▸ PROBLEM REQUIREMENTS
When the listing below reaches the line that has "COVID-19 Awareness sessions", start reproducing exactly; stop after the line that has "Nienhuis makes boats", and drop the pictures.

▸ SUPPLIED DATA
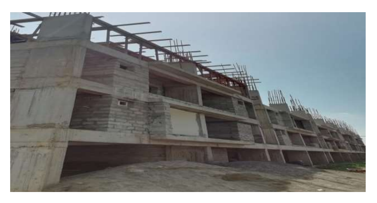
Block A2: Second Floor Level slab concrete casting 100% completed. Column concrete upto Third floor level 50% completed and balance work on progress.

Block A1: Columns upto Fourth floor level 100% completed. Slab Shuttering works in Fourth Floor level 40% completed and balance work on progress.
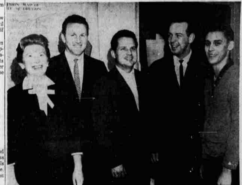
YOUNG REPUBLICANS ORGANIZE — Officers were named Tuesday night when the Young Republican Club of Klamath County organized.
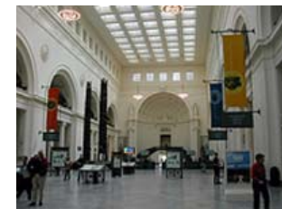
The scope of such studies includes the interior as well as exterior of the historic structure. This is the interior of the Stanley Field Hall, Field Museum, Chicago.

building code consultants, photographers, and other specialists.
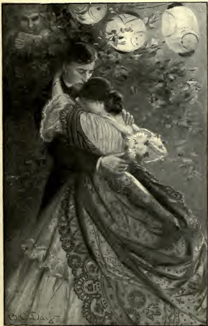
He did not attempt to hush her, or to still her sobs
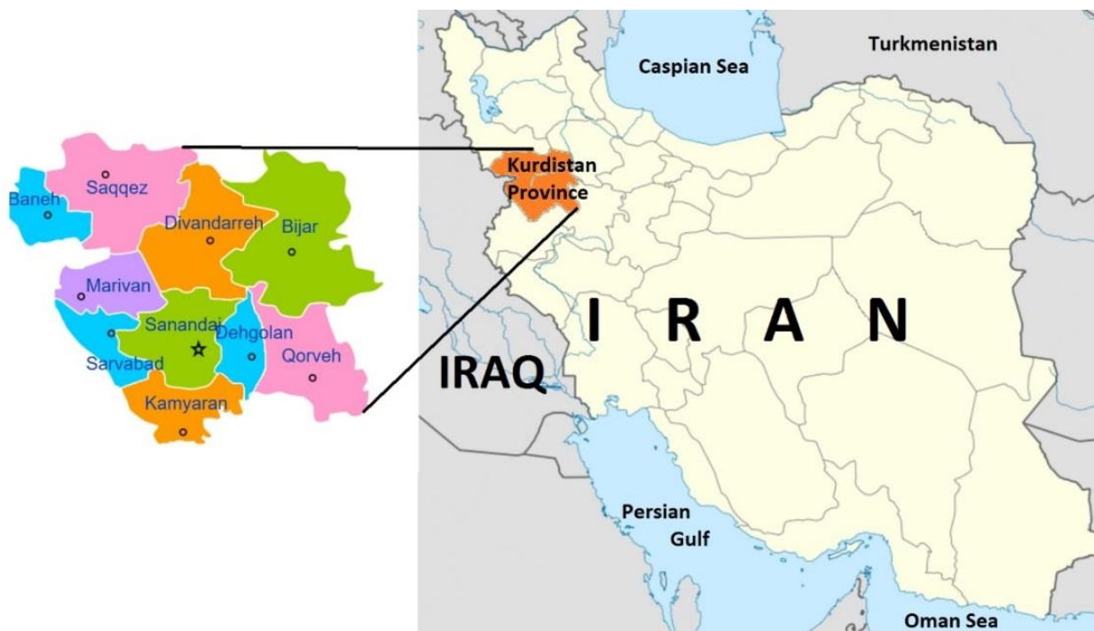
Fig. 1. The study area, Kurdistan Province is located in west part of Iran

The coordinates of collection sites have presented in Table 2.
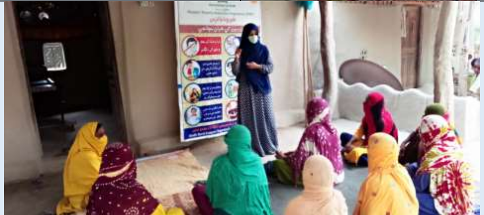
COVID-19 Awareness sessions at District Mirpurkhas
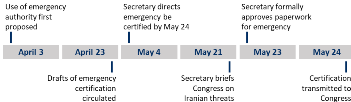
Figure 2: Timeline of Events Related to the May 2019 Emergency Certification
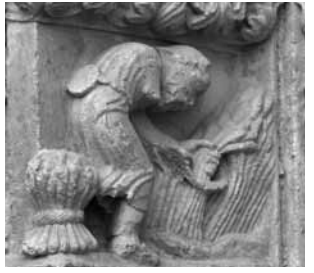
Senlis cathedral portal socle R4(d)

there is a possible connection with two archivolts that have some of the qualities of the socles, especially in the thick-edged clothing that falls as if bathed in mud and the agile humour in the posture [b1,2]. The fronds in the Jesse tree that surrounds these figures have pointed tips that curl back [b3]. In both archivolt and socle the figures are solid, almost dense, though in other respects the details in the socles are too damaged to hint at more than this.
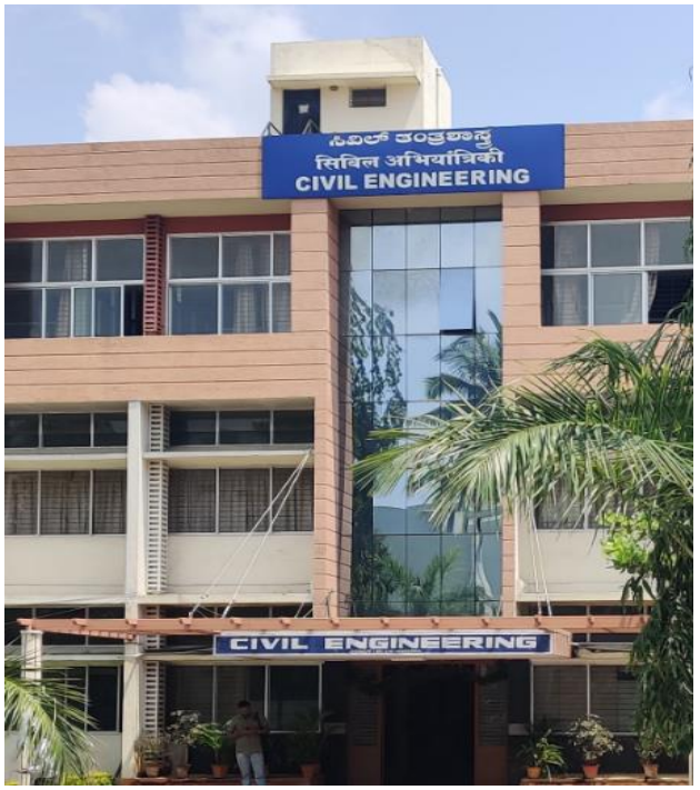
In association with
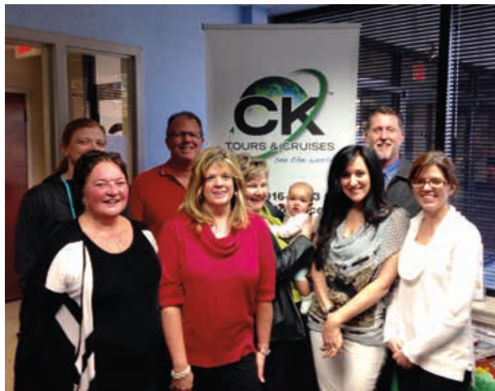
CK Tours & Cruises and Goodlife Financial Group hosted an open house celebrating CK Tours new office space in Wyomissing
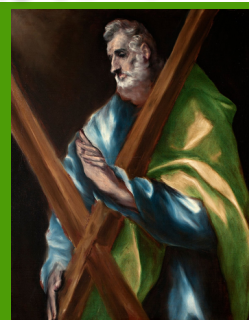
Saint Andrew, Apostle 30 November
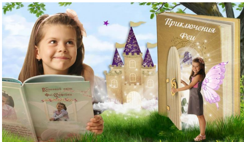
Figure 3. Fairy tale therapy

overcomes various fears and finds answers to many questions that they cannot explain to adults. It can also be said that children imitate their favorite fairy tale characters, they also love to draw and color their pictures. This forms positive qualities in them [2].
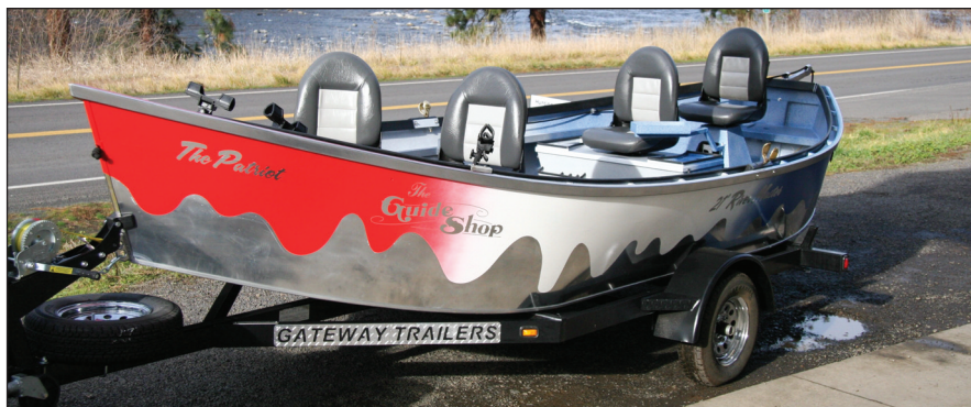
From left: Brett Nienhuis welds aluminum. All “Big Fish” drift boats are 100-percent welded; Nienhuis demonstrates his handicap-accessible boat; “The Patriot” is his favorite custom drift boat.

Nienhuis makes boats this way to make life easier for the fisherman, and he’s happy to cater to any special needs, especially when it comes to interior options, which include rod holders, coolers, heaters, side trays, rod lockers, cup holders, tackle storage, seating capacity, moveable seats and more.
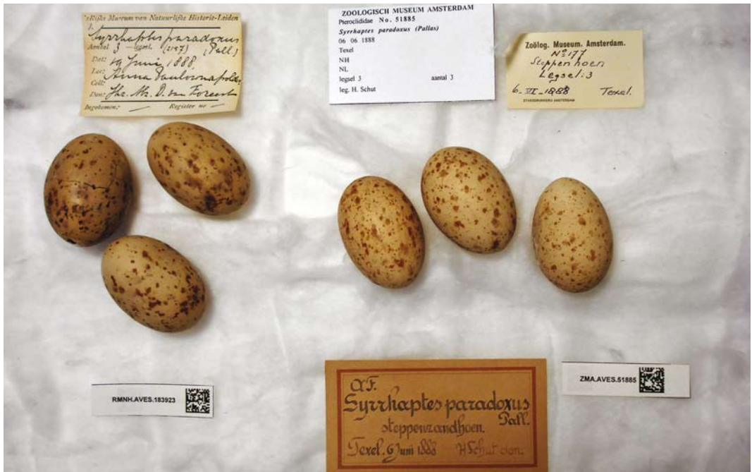
107 Legsels van Steppenhoer / Pallas's Sandgrouse Syrrhaptes paradoxus (verzameld op Texel, Noord-Holland, op 6 juni 1888 (rechts) en te Anna-Paulownapolder, Noord-Holland, op 19 juni 1888), Naturalis Biodiversity Center, Leiden, Zuid-Holland, 13 november 2013
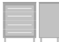
CCCH40W 31.5W 19D 36H
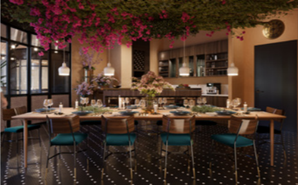
Computer generated image of dining room, indicative only and subject to change.
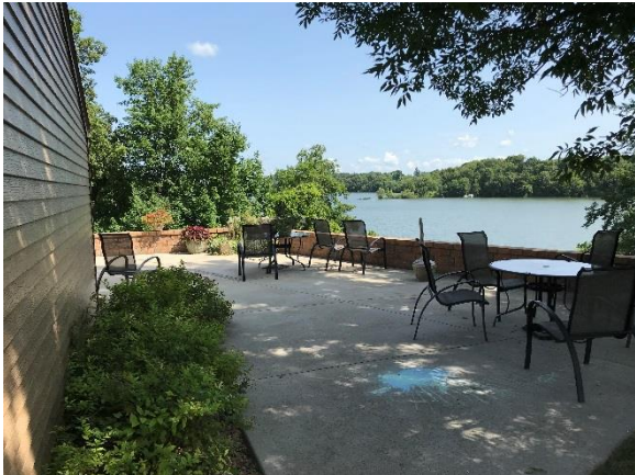
Outdoor space in the setting
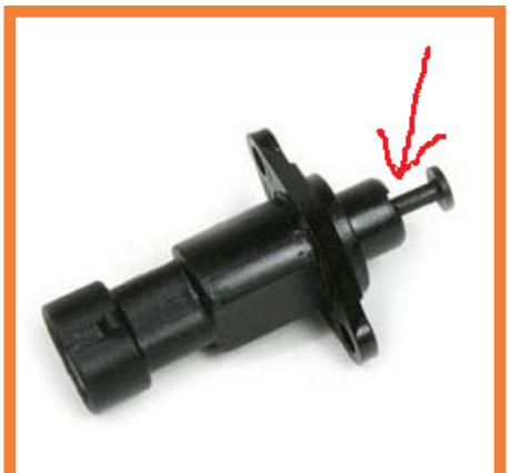
C4 Door Jam Switch

I think I will just go to work on the windshield wiper motor for my C2 instead.
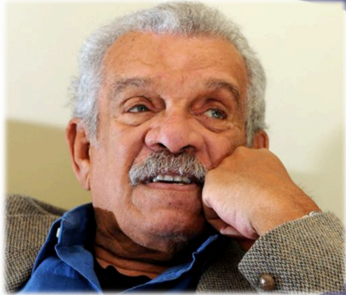
~ Derek Walcott
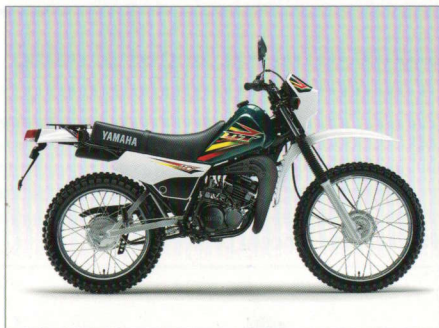
DARK CYAN METALLIC 8 (DCM8)
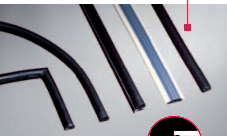
Miniature Safety Edges
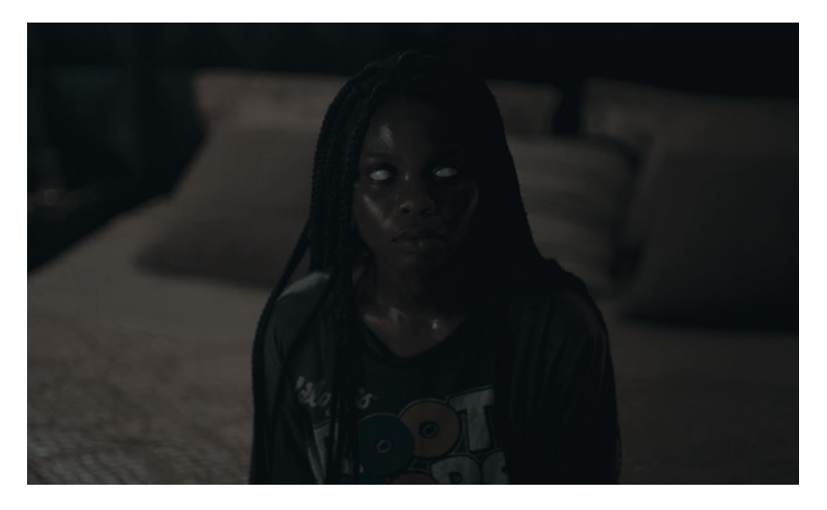
Figure 5: Atlantique (2019): The girl's gaze and milky eyes as a sign of the spirit.

eyes: There are view axes of view from above-below, the opening of space onto the seemingly horizonless expanse of the sea, we look out of the bar onto the sea (but never from the sea onto the land), there are close-ups of the characters suffering from strange feelings.
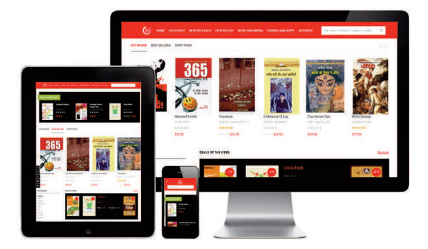
Responsive eStore on multiple browsers and devices

To extend the reach of books beyond their traditional print distribution network, Rajkamal is making all titles available in PDF and ePUB online at www.rajkamalprakashan.com. This gives customers the comfort of purchasing and reading digital books using the eReader on desktops and laptops.
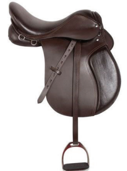
Western & English Saddles, Harness and Tack

Members of: Carriage Association of America, American Driving Society, USEF Concord Coach Society, National & PA Auctioneers Associations
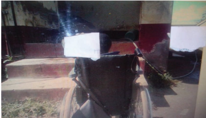
Figure 7: Girl Child in Wheelchair at Toilet Entrance.
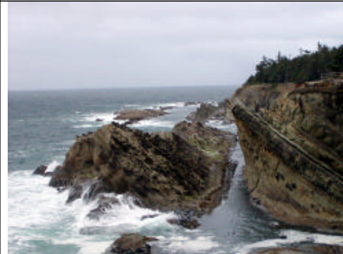
More of the rocky shores of the Oregon Coast.
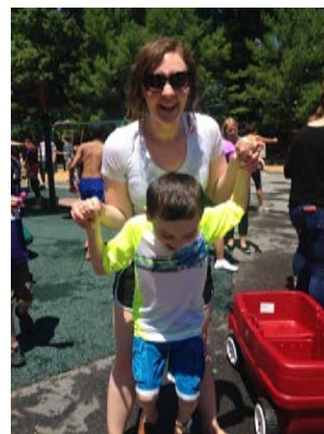
Students and staff enjoyed cooling off with a water balloon fight!
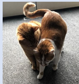
9. Butterfly & Rosie
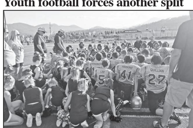
Union prays following a game earlier this year.

▸ ANSWER
COVID-19 Awareness sessions at District Mirpurkhas
Figure 2: Timeline of Events Related to the May 2019 Emergency Certification
Senlis cathedral portal socle R4(d)

there is a possible connection with two archivolts that have some of the qualities of the socles, especially in the thick-edged clothing that falls as if bathed in mud and the agile humour in the posture [b1,2]. The fronds in the Jesse tree that surrounds these figures have pointed tips that curl back [b3]. In both archivolt and socle the figures are solid, almost dense, though in other respects the details in the socles are too damaged to hint at more than this.
In association with
CK Tours & Cruises and Goodlife Financial Group hosted an open house celebrating CK Tours new office space in Wyomissing
Saint Andrew, Apostle 30 November
Figure 3. Fairy tale therapy

overcomes various fears and finds answers to many questions that they cannot explain to adults. It can also be said that children imitate their favorite fairy tale characters, they also love to draw and color their pictures. This forms positive qualities in them [2].
From left: Brett Nienhuis welds aluminum. All “Big Fish” drift boats are 100-percent welded; Nienhuis demonstrates his handicap-accessible boat; “The Patriot” is his favorite custom drift boat.

Nienhuis makes boats this way to make life easier for the fisherman, and he’s happy to cater to any special needs, especially when it comes to interior options, which include rod holders, coolers, heaters, side trays, rod lockers, cup holders, tackle storage, seating capacity, moveable seats and more.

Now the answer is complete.